Nicholas Sorrell github twitter

Getting SSIS LineageIDs (And Error Column Names)

tl;dr

You can get error column names in SSIS with two script tasks/components - no custom DLLs, or Components. Clone the repository and pry into it yourself!.
For a full BIML treatment, see this repository.

Backstory

When I saw the output Error columns in SSIS’s Dataflow Task (DFT) for the first time, I thought I had surely misconfigured something, or not followed a certain step. I mean, I was working with actual data and columns that had human-readable names - but I was getting integers in these Error Code/Column columns…

But like I said, I figured it was operator error, and so I searched my way into hours of disappointment. Microsoft was kind enough to enhance the error description, as described here. But that still didn’t get a column name.

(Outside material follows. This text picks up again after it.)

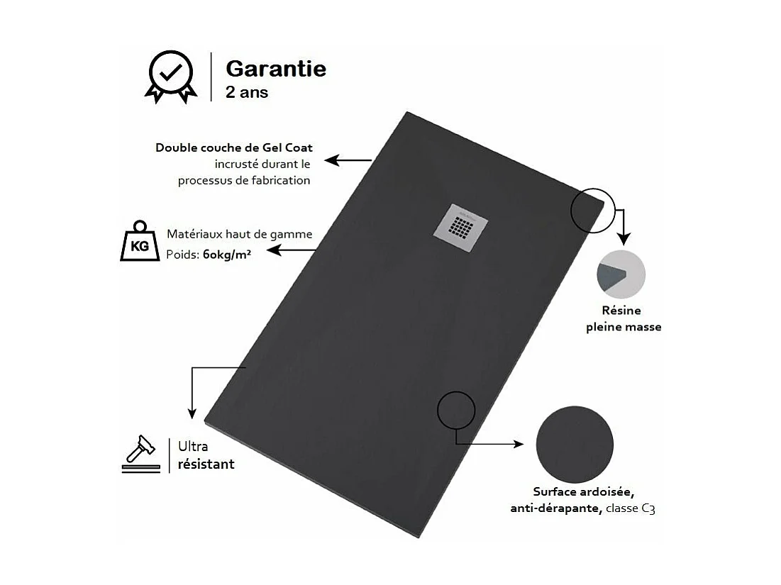 Mineralguss-Duschwanne extra flach ONDA Schieferoptik SAND 100x150 cm

When it came to getting the column name, all signs pointed back to that LineageID - it is the link between a column name at a certain point in the pipeline, and the integer SSIS is using to identify that column. In the existing answer set on how to grab LineageIDs, I found a web of hacks that not only didn’t work, but seemed to be pointing in opposite directions (are my LineageIDs in my dtsx, and are they ints or text?). So here are a couple of important takeaways if you deviate from the solution I will provide later.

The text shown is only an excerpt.